In an earlier post on the Lisbon Treaty, I stated

[I]n the U.S. we have seen state laws gradually subsumed more and more by national regulation, so that fleeing to Pennsylvania from a repressive law in New York is not as easy as it once was.  I'm not saying this is always bad, but it can be, and bears watching.

I"m watching, and here's an example I saw today.  The U. S. Supreme Court has nullified a Louisiana law allowing for a sentence of the death penalty following conviction for the rape of a child under 12.

However devastating the crime to children, Justice Anthony Kennedy wrote in his majority opinion, "the death penalty is not a proportional punishment for the rape of a child." His four liberal colleagues joined him, while the four more conservative justices dissented.

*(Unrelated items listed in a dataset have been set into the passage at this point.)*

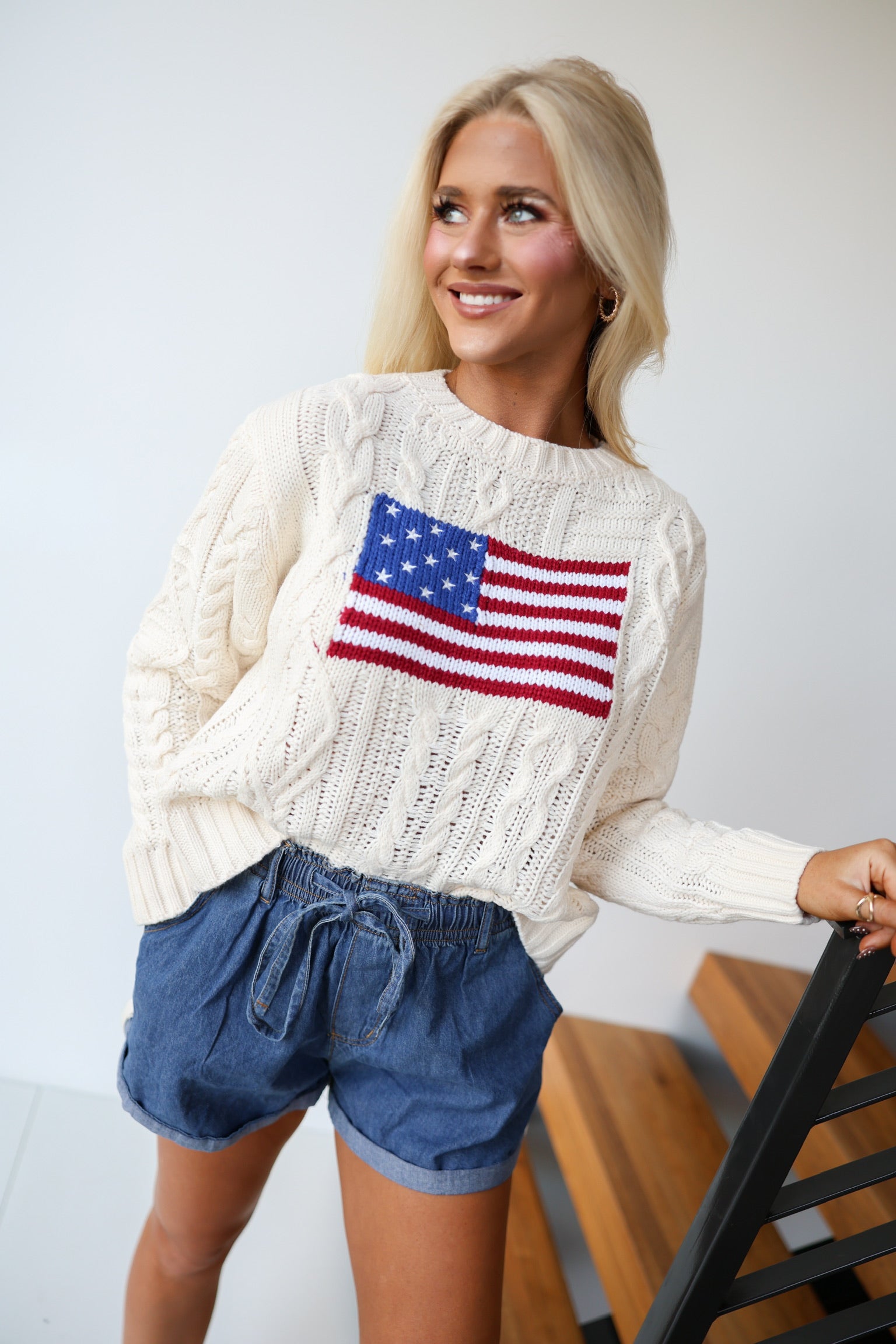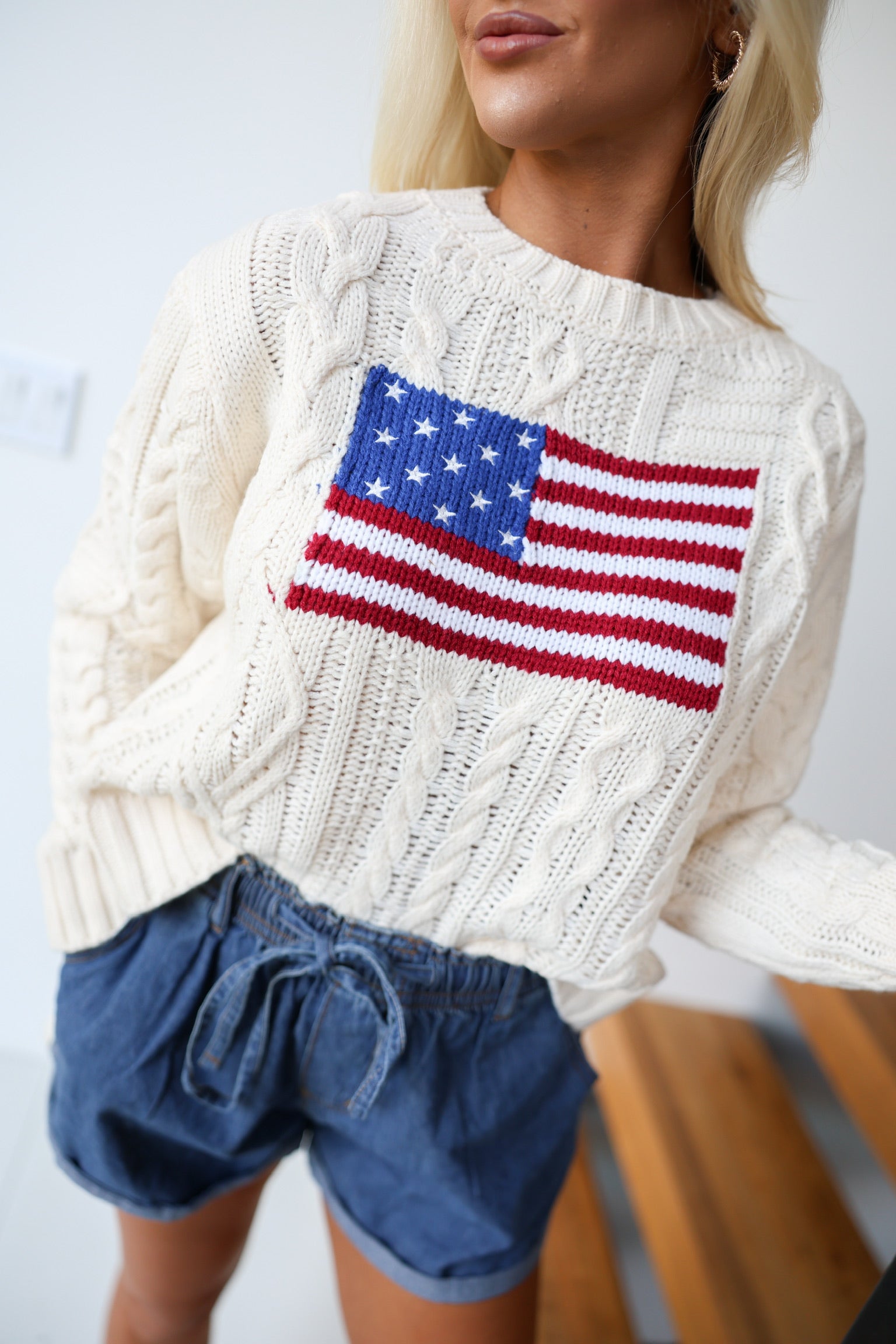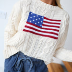 Stay cozy and showcase your patriotic spirit with the Livvy Cable Knit Sweater in Cream. Crafted with a classic cable knit pattern, this sweater offers warmth and timeless style. Its soft texture makes it perfect for chilly days, while the subtle USA flag detail adds a meaningful touch. Ideal for layering or wearing on its own, this sweater supports both comfort and your love for the country.
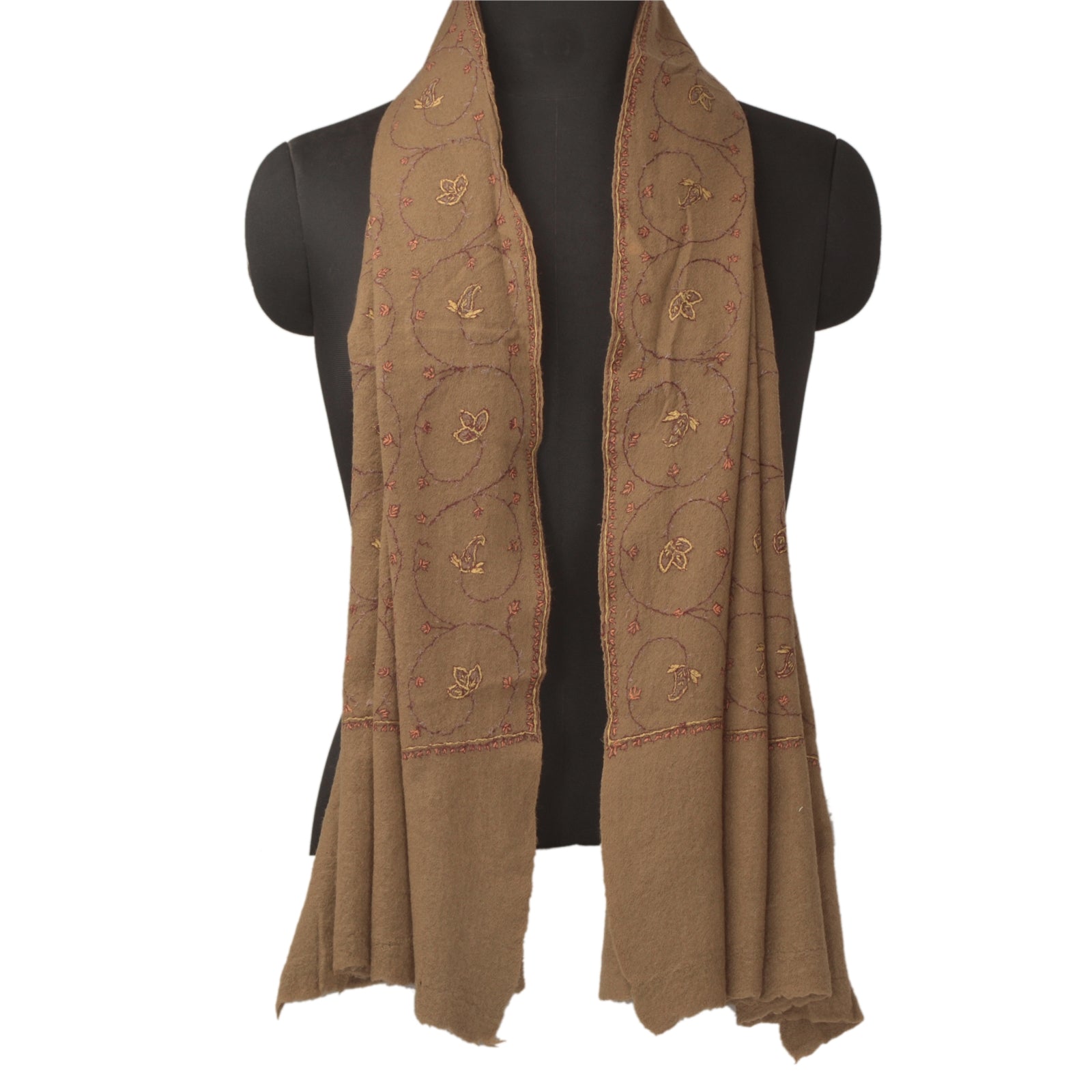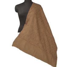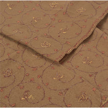 Sanskriti Vintage Brown Woolen Shawl Hand Embroidered Suzani Work Stole Scarf
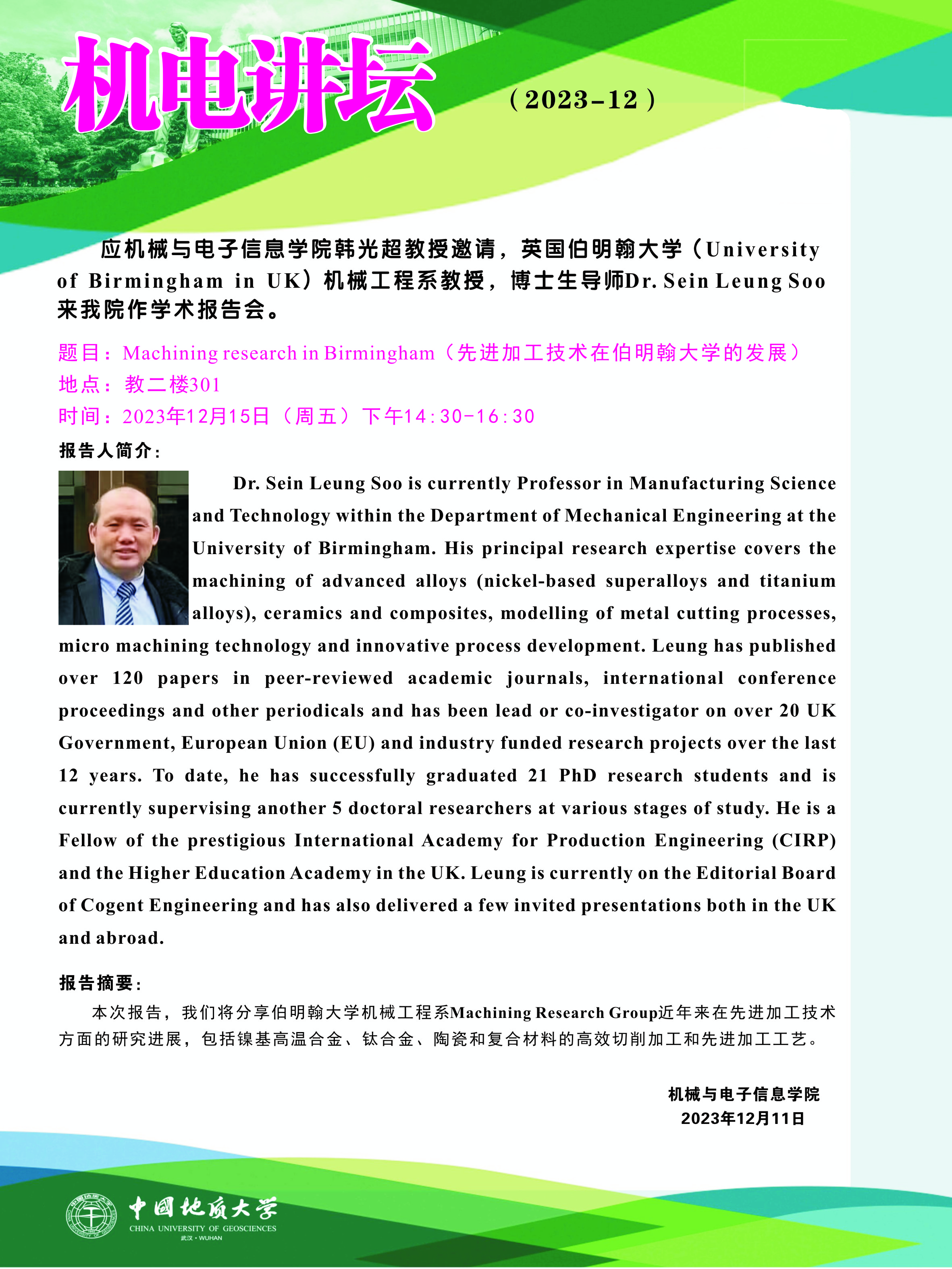 【12月15日】机电讲坛(2023-12):英国伯明翰大学Dr. Sein Leung Soo来beat365官网作学术报告会
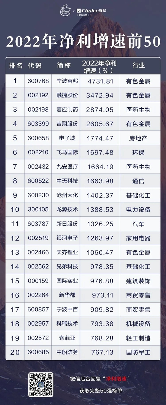 而从净利润增幅来看,跻身净利润增速前50的上市公司数有色金属行业最多,共有9家,主要为锂行业公司,包括融捷股份、天齐锂业、天华新能、永兴材料、盛新锂能、江特电机。
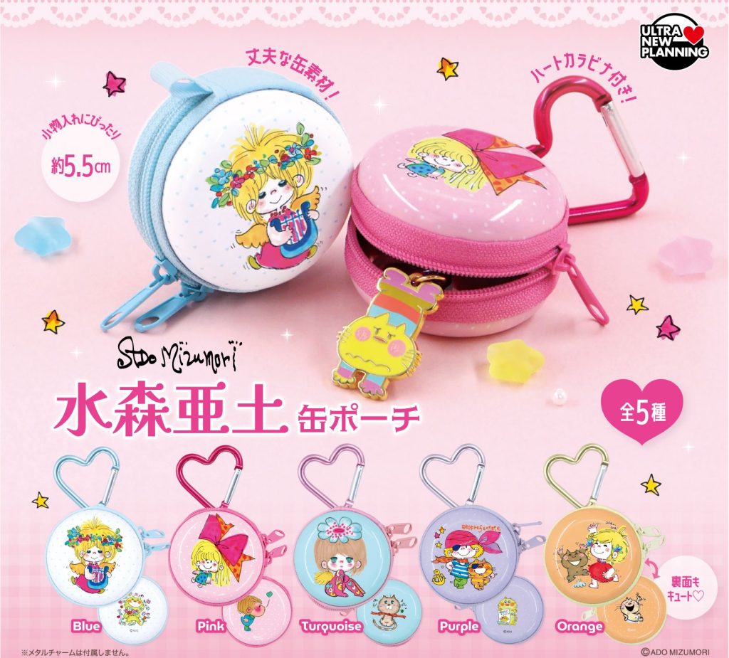 水森亜土が描く可愛いイラストが缶ポーチで登場!ハートのカラビナ付きなのでいろんなところに付けられます。
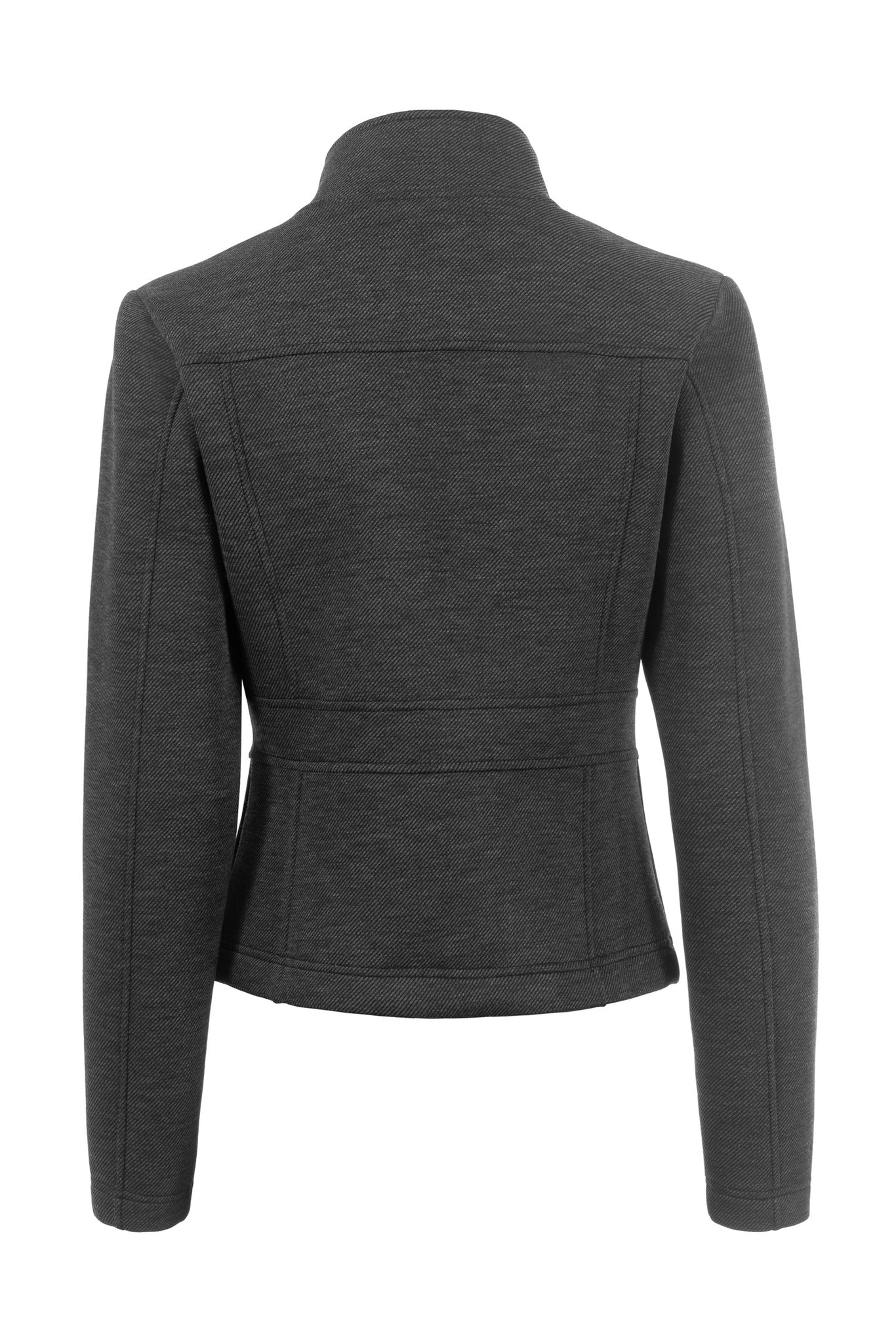 - Short, fitted stand-up collar jacket with flattering seams
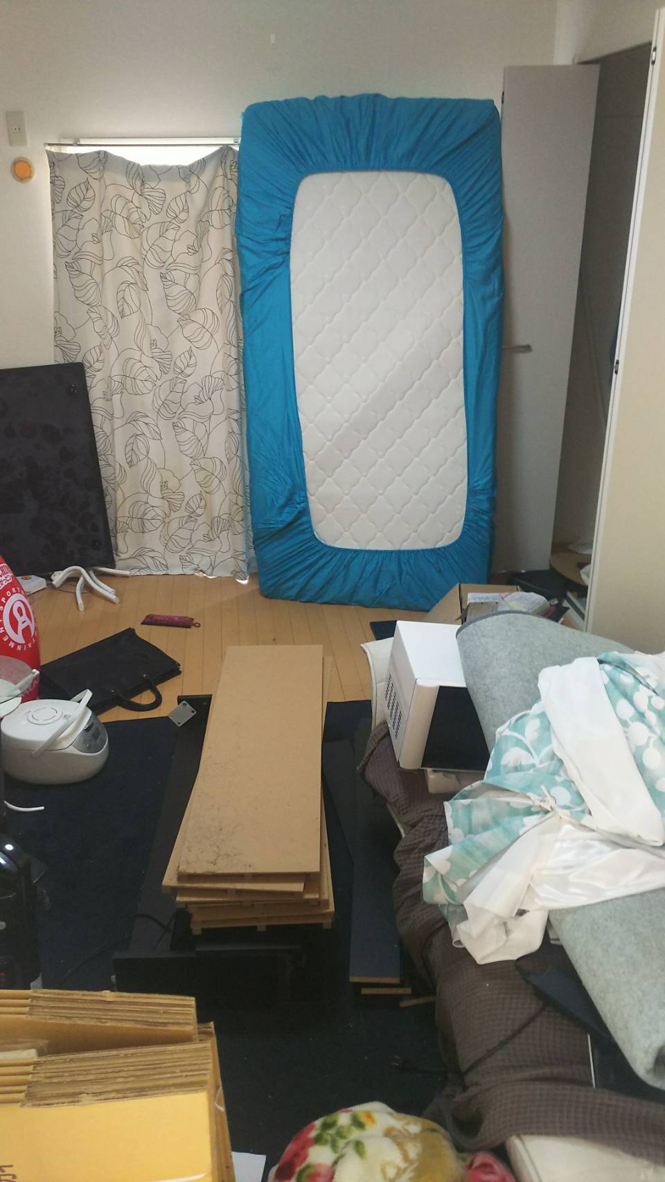 マットレス・ベッド・冷蔵庫・衣類・細々入った段ボール・テレビ・などを
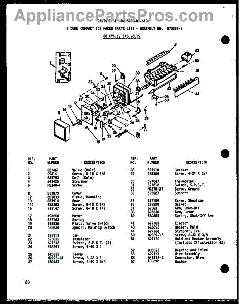 Parts for Amana SP19B-L / P7332046W L: 01 - 8 Cube Compact Ice Maker Parts
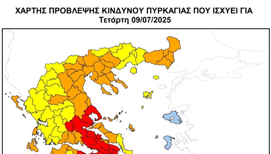 Πολύ υψηλός κίνδυνος πυρκαγιάς – κατάσταση συναγερμού (κατηγορία 5) προβλέπεται για αύριο Τετάρτη 9 Ιουλίου 2025 στην Αττική, σύμφωνα με τον Χάρτη Πρόβλεψης Κινδύνου Πυρκαγιάς που εκδίδει η Γενική Γραμματεία Πολιτικής Προστασίας του Υπουργείου Κλιματικής Κρίσης & Πολιτικής Προστασίας (civilprotection.gov.gr).

There has not been an execution in the United States for a crime that did not also involve the death of the victim in 44 years, a factor that weighed in Kennedy's decision.... Kennedy said the absence of any recent executions for rape and the small number of states that allow it demonstrate "there is a national consensus against capital punishment for the crime of child rape."

What's wrong here?  Why are the judges debating the heinousness of the crime, and why are they judging by perceived national consensus?  Shouldn't the question before the Court be, "Is there anything in the Constitution of the United States that prohibits the State of Louisiana from imposing this sentence?"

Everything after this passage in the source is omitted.